• [Records from a data collection]:
- - -
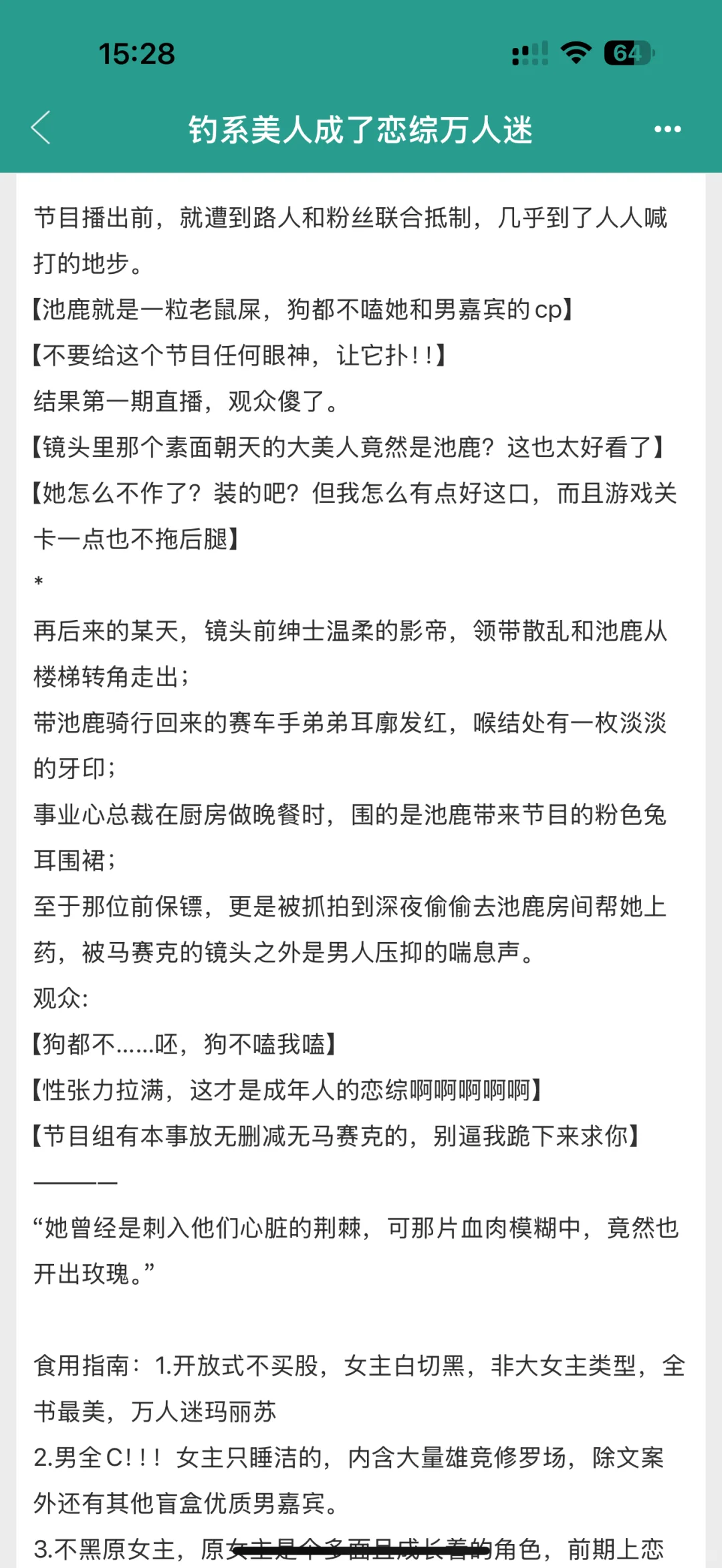 男嘉宾们则各有千秋,身强体壮的保镖、帅气影帝、放下身段的霸总、绿茶男大、赛车手弟弟……他们或高冷、或热情、或温柔、或霸道,无时无刻为了吸引女主的注意力,耍尽手段,费尽心机!!我真的笑鼠了哈哈哈#宝藏小说推荐 #完结小说推荐 #言情小说推荐 #温柔男主 #占有欲男主 #完结推文 #言情推文 #万人迷女主小说 #雄竞文
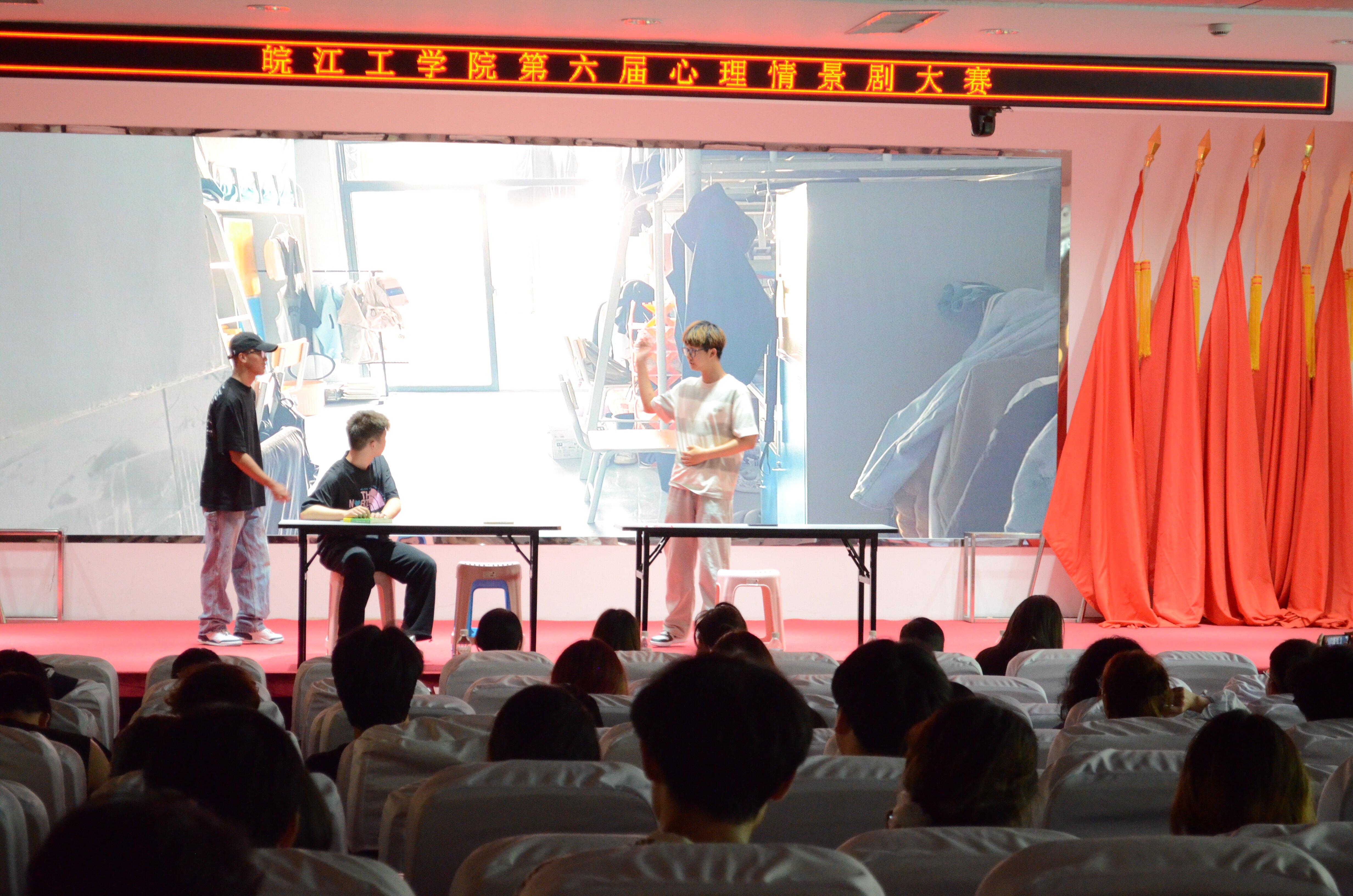 此次心理情景剧大赛作为学校5·25心理健康月的特色品牌活动,自开办以来,受到广大师生的热情关注。各学院选手踊跃参与,经过激烈地角逐,最终有九组作品突出重围,进入决赛。比赛现场氛围热烈,生动有趣的表演令现场观众掌声不断。
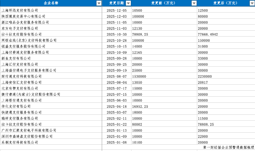 监管压力迅速转化为市场的增资浪潮。第一财经记者据企业预警通统计,仅2025年已有20余家支付公司获批增资。
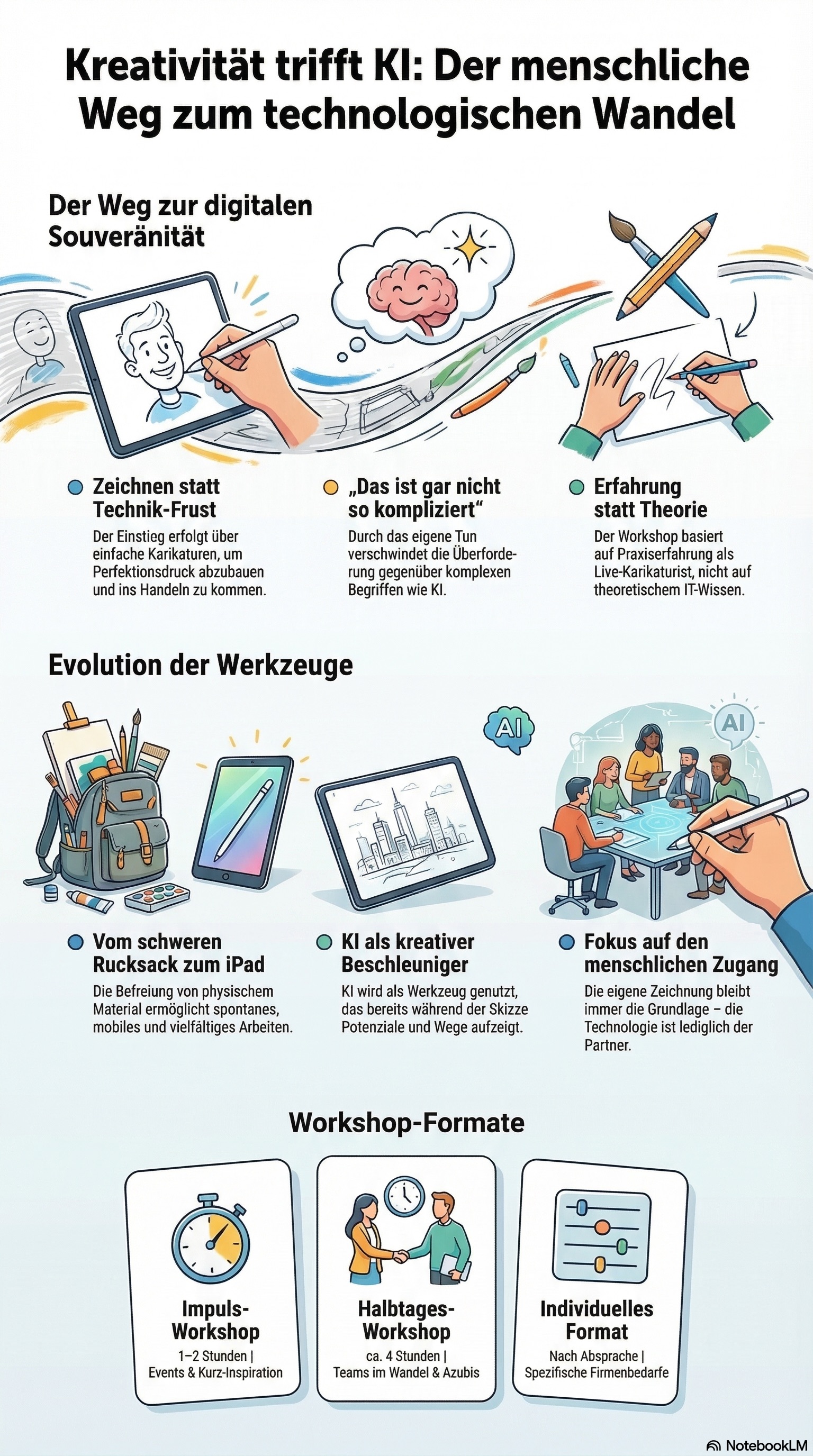 Als Live-Karikaturist arbeite ich seit Jahren direkt mit Menschen – spontan, analog, digital und inzwischen auch mit KI.
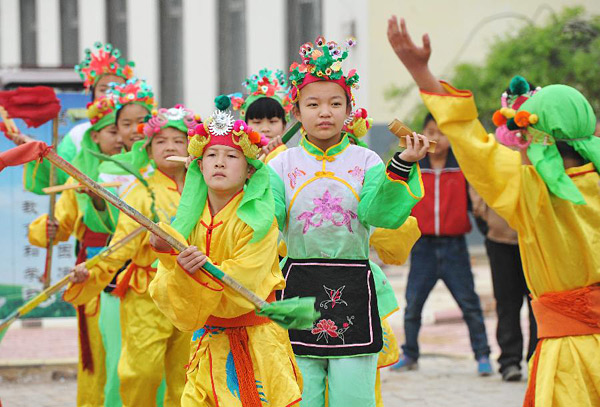 4月20日,河北南皮县大浪淀乡白塔寺中心小学学生在排练落子。落子是河北沧州一带具有浓郁地方特色的民间舞蹈,已有150多年的历史,2008年被列入第二批国家级非物质文化遗产名录,在沧州市南皮县最为盛行。 2009年起,南皮县文体教育部门将学习落子列入中小学生的校本课程,在全县100多个中小学及教学点组织落子教学。通过校园“传薪”,如今南皮不少学校学生表演的落子已颇具功力。
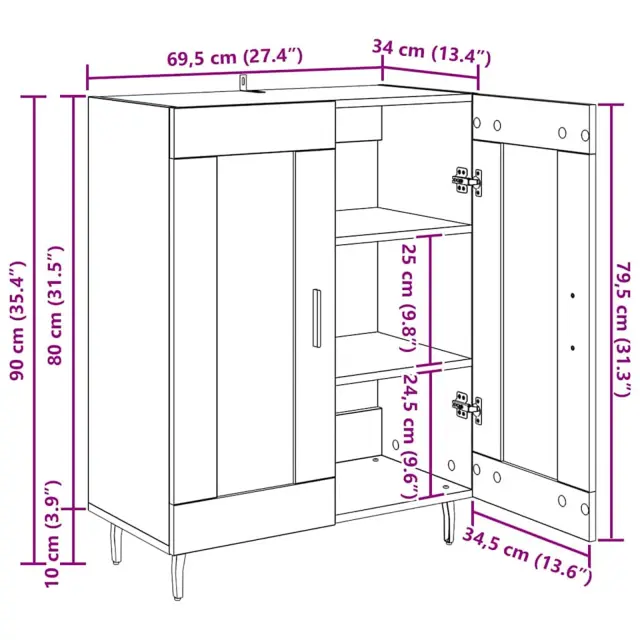 vidaXL Strani šal Črna Orehovina 69,5 x 34 x 90 cm
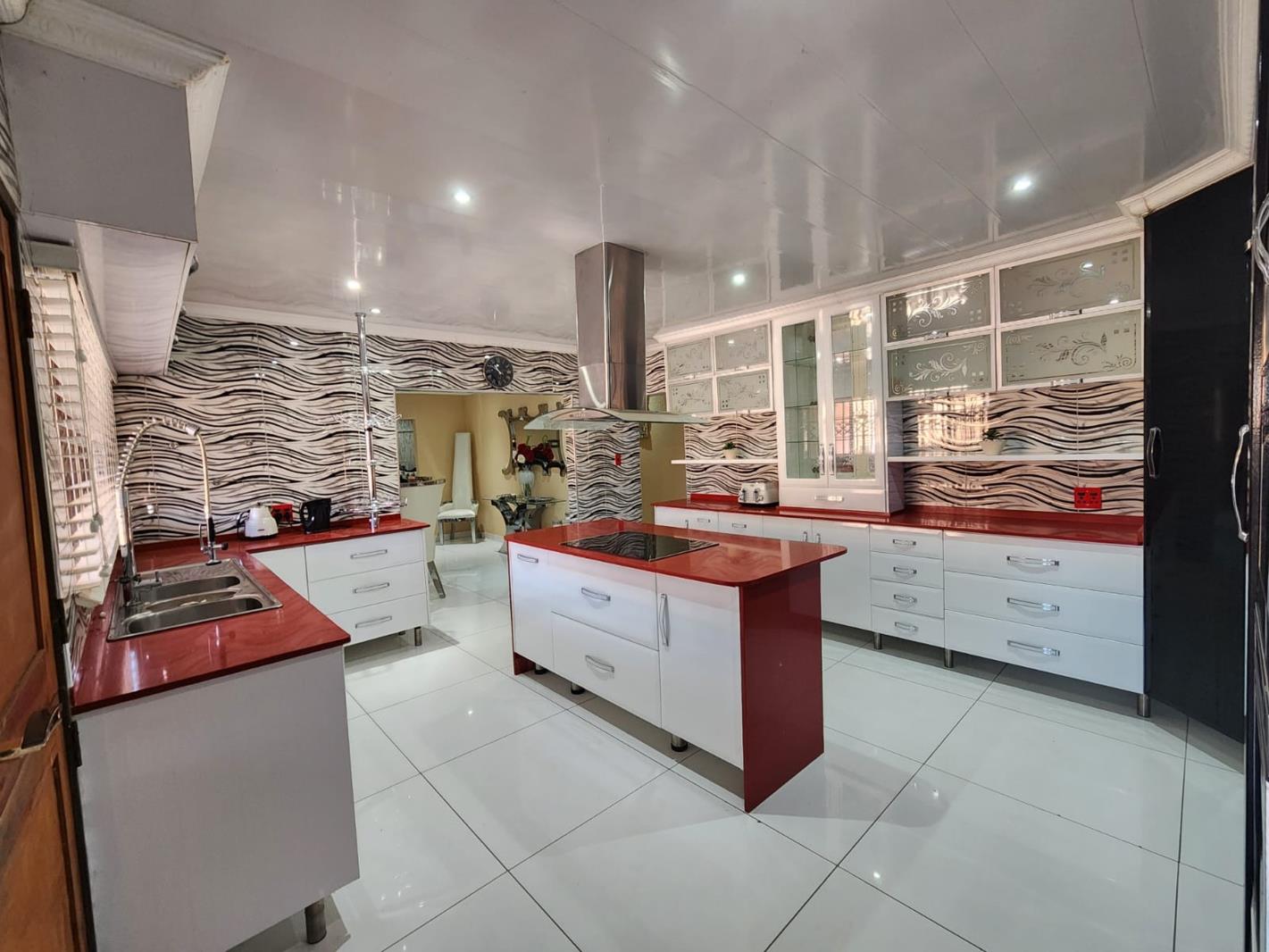 Upon entry, you''re greeted by a spacious and thoughtfully designed home. The interior boasts a cozy lounge, an elegant dining room, and a relaxed family TV room, providing ample space for relaxation and entertainment. The fully fitted kitchen (granite tops) features an island stove and is complemented by a spacious scullery that doubles as a laundry and pantry area.
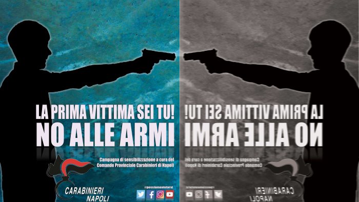 La diffusione di questa immagine avverrà su larga scala, nelle scuole del territorio, nelle caserme, nei centri parrocchiali, nei teatri, nei cinema e in tutti i presìdi di legalità della provincia". L'iniziativa ha trovato l'appoggio della Procura della Repubblica di Napoli, del tribunale per i minorenni, della Prefettura, della Curia napoletana e farà da apripista a tutta una serie di iniziative di sensibilizzazione promosse dai carabinieri di Napoli per "disarmare" i più giovani. Tra queste anche la realizzazione di una brochure destinata alle scolaresche nella quale sono elencati consigli e indicazioni preziose per non finire preda del richiamo delle armi.
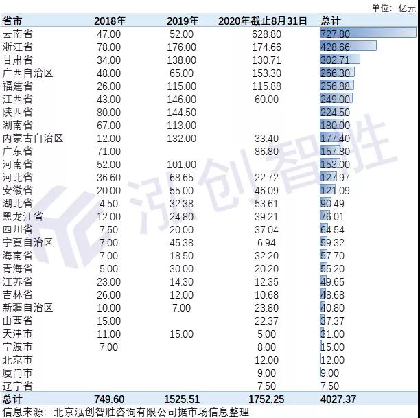 2018至2020年8月31日,全国28个省、自治区、直辖市、计划单列市发行了收费公路专项债券,累计发行规模4027.37亿元,具体情况如下:
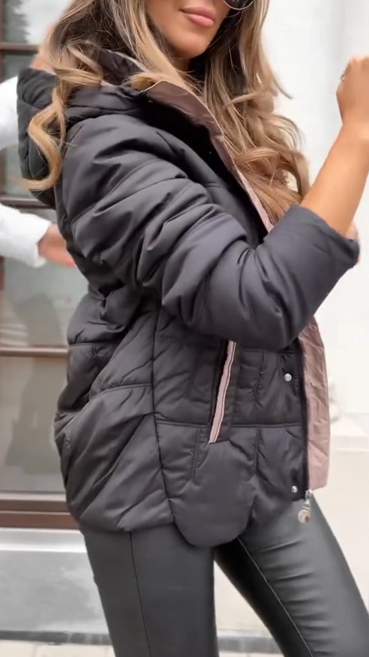 Women's Lapel Button Knitted Sleeve Casual Coat with Two Side Pockets
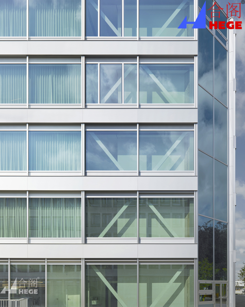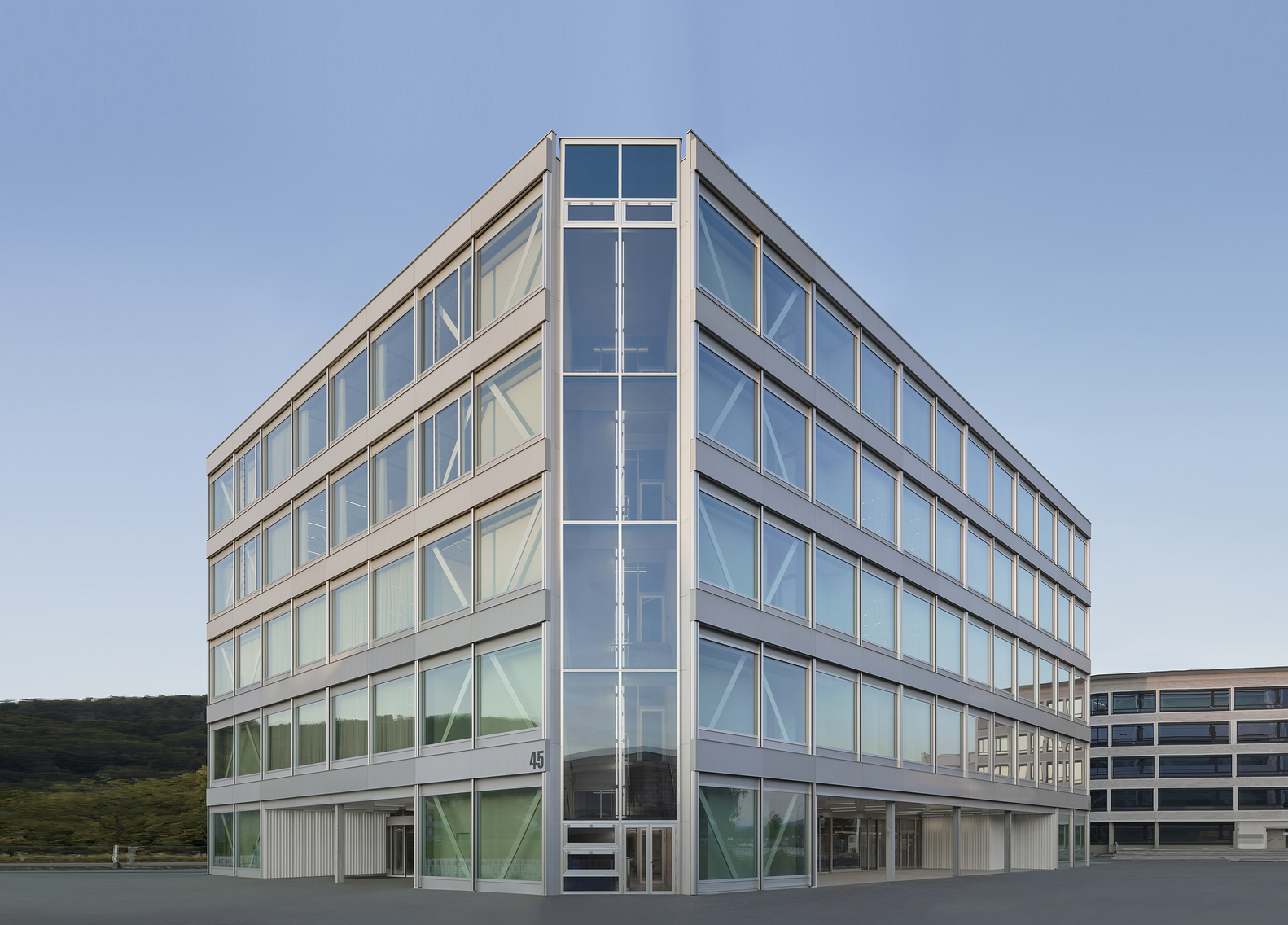 該項目是一個多功能辦公大樓。它讓人聯(lián)想到“工業(yè)宮殿”,傳達出一種尊嚴和代表性。垂直交叉的橫梁突出了其邊界,提出了其特定的結構概念,并參照其制造背景,高品質而冷靜的材料創(chuàng)造出一種精致而低調的優(yōu)雅。簡單的立方體是有重輕鋼混合搭建,高23米,占地面積為50 × 36米。最引人注目的是,將基礎設施和循環(huán)元素轉移到角落,釋放了地面上所有樓層的中心,形成一個暴露的、無柱的室內空間。這個工業(yè)立方體的開放展示了空間、視覺和象征品質,進一步體現(xiàn)在非凡的室內空間。
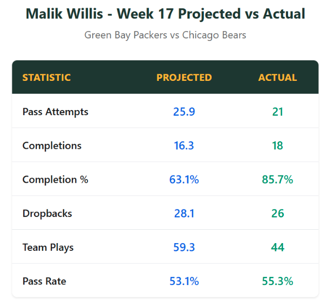 The Packers ran just 44 plays and passed barely above a 50% clip, but Willis remained on an absolute heater. Not only did he complete a league-best 86% of passes this week, but he did so while throwing the highest average depth of target (12.4 yards) among all QBs.
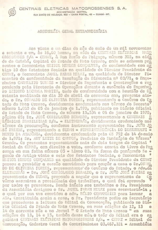 Documentos referentes à Assembleia Geral Extraordinária das Centrais Elétricas Matogrossenses S.A. - CEMAT - ocorrida em 21 de maio de 1971, tendo como ordem do dia integralização do capital subscrito na Assembleia Geral Extraordinária de 18 de dezembro de 1970, aumento do capital social, reforma dos estatutos sociais e outros assuntos de interesse da empresa.
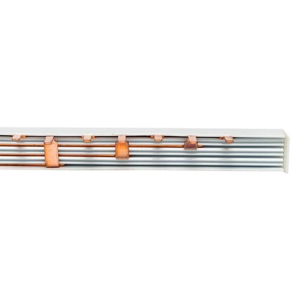 Шина соединительная представляет собой пластину, выполненную из меди, закрепленную в корпусе из диэлектрического материала, не поддерживающего горение, и выпускается стандартной длиной 1 метр.
- - -
• [AIM OF THE EXERCISE]: From the data above, retype only the lines starting with the line with "此次心理情景剧大赛作为学校5" and going on through the line with "vidaXL Strani šal", exactly, leaving out the pictures.

• [ANSWER SECTION]:
 此次心理情景剧大赛作为学校5·25心理健康月的特色品牌活动,自开办以来,受到广大师生的热情关注。各学院选手踊跃参与,经过激烈地角逐,最终有九组作品突出重围,进入决赛。比赛现场氛围热烈,生动有趣的表演令现场观众掌声不断。
 监管压力迅速转化为市场的增资浪潮。第一财经记者据企业预警通统计,仅2025年已有20余家支付公司获批增资。
 Als Live-Karikaturist arbeite ich seit Jahren direkt mit Menschen – spontan, analog, digital und inzwischen auch mit KI.
 4月20日,河北南皮县大浪淀乡白塔寺中心小学学生在排练落子。落子是河北沧州一带具有浓郁地方特色的民间舞蹈,已有150多年的历史,2008年被列入第二批国家级非物质文化遗产名录,在沧州市南皮县最为盛行。 2009年起,南皮县文体教育部门将学习落子列入中小学生的校本课程,在全县100多个中小学及教学点组织落子教学。通过校园“传薪”,如今南皮不少学校学生表演的落子已颇具功力。
 vidaXL Strani šal Črna Orehovina 69,5 x 34 x 90 cm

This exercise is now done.